Monday, February 7, 2011

Position reports

This is a favourite topic of mine.  Every day that I fly to the Mara, I might hear as many as fifty position reports on the common frequency for Kenya.  In addition to that I might hear 100 small transmissions for any number of reasons.  Condense these into less than two hours of flying and throw in all the other pilot duties in the cockpit such as SOPs, standard calls, checklists, take off and landing briefings, watching out for animals on the runways and birds in the air then you'll start to get the idea of the kind of stress we experience.

Almost all the traffic in the Mara is commercial.  So most of the position reports are from professional pilots.  Therefore its quite amazing to hear the variety of the language and terminology used to make a position report, when you might expect them to be almost uniform and standard.

Phrases or expressions such as 'for lower' or 'for higher' were never taught in flying schools as standard ICAO phraseology.

Flight level 'zero nine five' is also non standard.

A squak code for the transponder is not 'coming down' or 'coming up' or 'on the box'.

There is no 'fish finder' in the cockpit (unless its a flying boat which is also used for fishing...)

Why do people say 'showing xx DME'.  Who are they showing it to?

Why do they say 'Out of eight three for eight five' when they'll be at eight five in just a few moments anyway.

Why do they say 'From [somewhere in the Mara] to Wilson via the monastery'?  Is there another way to Wilson when inbound from the Mara?

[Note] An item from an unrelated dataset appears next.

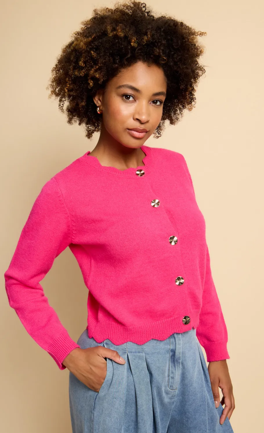 The Pink Knit Cardi is a cozy yet stylish piece that adds a pop of colour to your wardrobe. Featuring a round neck and long sleeves, this cardigan offers a regular fit and length, making it perfect for layering over casual outfits. Its soft knit fabric ensures comfort while keeping you chic on cooler days.

Or why do they include the word 'Mara' with 'Ol Kiombo' or some other airstrip in the Mara when there are no other airstrips in the world with those names.  'Ol Kiombo' on its own is enough, there are no other places with the same name to confuse it with.  One time I heard someone call abeam 'Naivasha Civil', no such thing of course, and there is no Naivasha military to confuse it with.

I remember one pilot who was consistently making position reports every 2 minutes and 30s.  I know because I timed it.  On his usual scheduled service flight between Wilson and Eldoret he probably made 15 position reports, in each direction!  Oh, the monotony...

And then there's the animal noises; the impromptu chats with friends; constant requests for wind checks, and the lies.

Its amazing how people stretch the definition of 'right base' out to about 5 miles from the airfield.  Monastery is sometimes around the Karen country club or the race course.  Thank goodness that the Garmin G1000 has amazingly accurate traffic position display, makes my job of finding traffic much easier!

Enough rambling for today... thanks for your patience, if you've read this far!